[INFORMATION SUPPLIED — start]
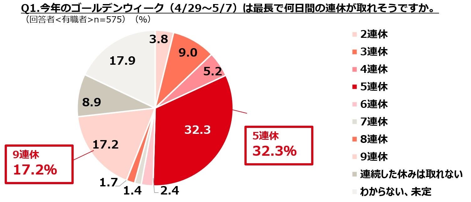 ・今年のゴールデンウィークは、カレンダー通りの「5連休」が32.3%と最多、「9連休」は17.2%に。
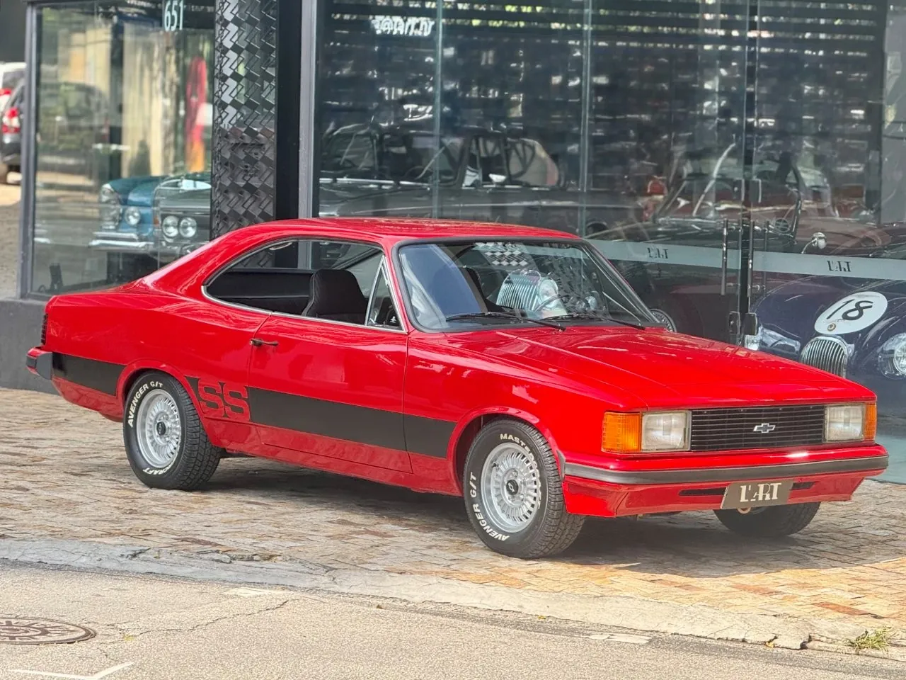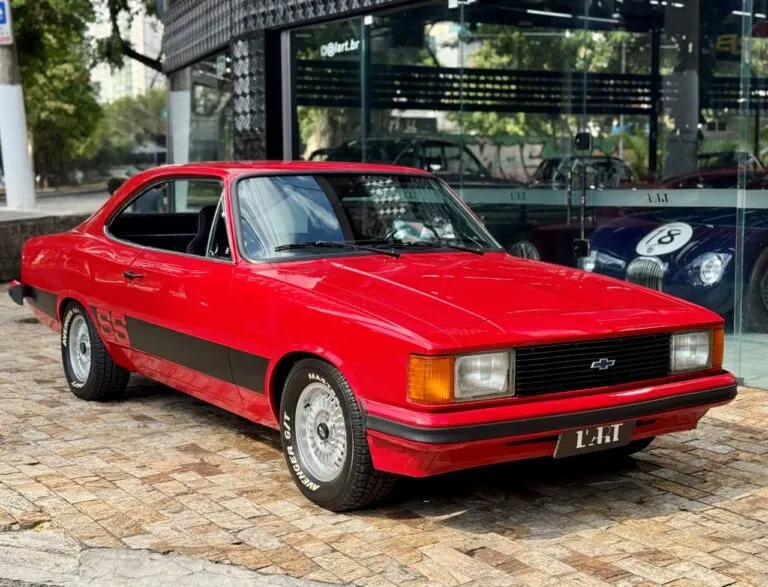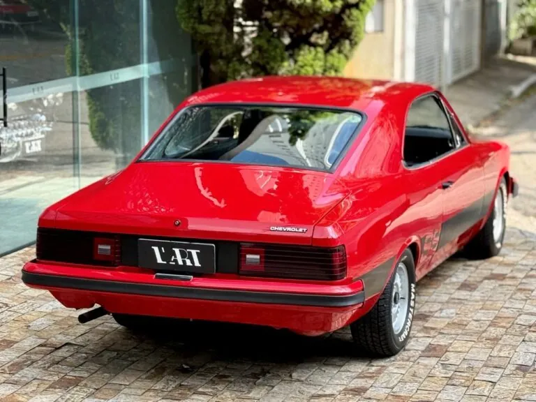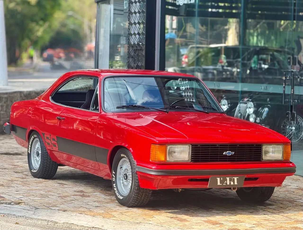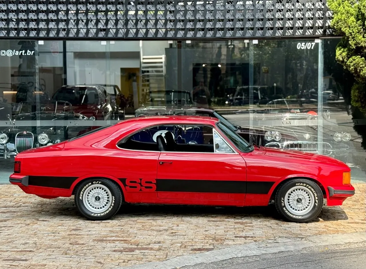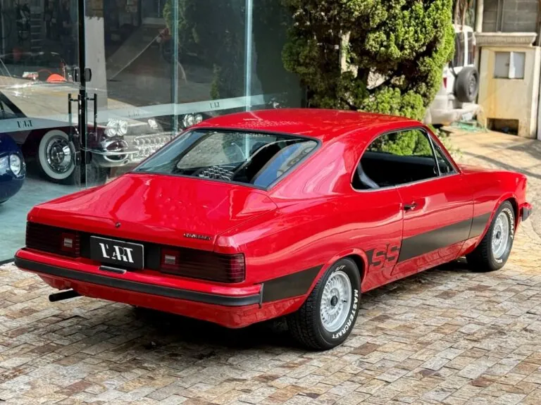 Chevrolet Opala SS na cor Vermelho Bonanza. Veículo de plaqueta 5R87E (SS4). Todo restaurado! O motor 4 cilindros foi substituído por um 6 Cilindros. Em excelente estado geral, o modelo 1980 se destaca ainda pela frente quadrada e pelas lanternas traseiras redesenhadas, características que marcaram a última fase do SS e hoje o colocam entre os Opalas mais desejados e colecionáveis do Brasil.
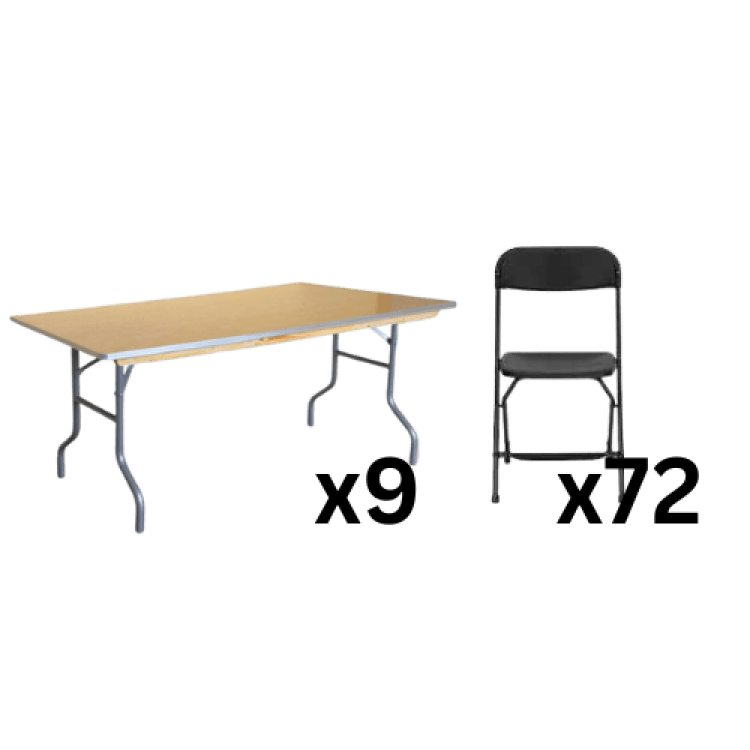 72 Guest SeatingBlack Folding Chair & 6 ft Table Seating Package:72 Guest Seating102587981_2909179_29196691000 This seating option sets the stage for any event by providing comfortable, well-arranged spots for up to 72 guests, making sure everyone can enjoy the celebration with ease.
[INFORMATION SUPPLIED — finish]
INSTRUCTIONS TO FOLLOW. Write out every line above exactly, minus images.

RESULT.
 ・今年のゴールデンウィークは、カレンダー通りの「5連休」が32.3%と最多、「9連休」は17.2%に。
 Chevrolet Opala SS na cor Vermelho Bonanza. Veículo de plaqueta 5R87E (SS4). Todo restaurado! O motor 4 cilindros foi substituído por um 6 Cilindros. Em excelente estado geral, o modelo 1980 se destaca ainda pela frente quadrada e pelas lanternas traseiras redesenhadas, características que marcaram a última fase do SS e hoje o colocam entre os Opalas mais desejados e colecionáveis do Brasil.
 72 Guest SeatingBlack Folding Chair & 6 ft Table Seating Package:72 Guest Seating102587981_2909179_29196691000 This seating option sets the stage for any event by providing comfortable, well-arranged spots for up to 72 guests, making sure everyone can enjoy the celebration with ease.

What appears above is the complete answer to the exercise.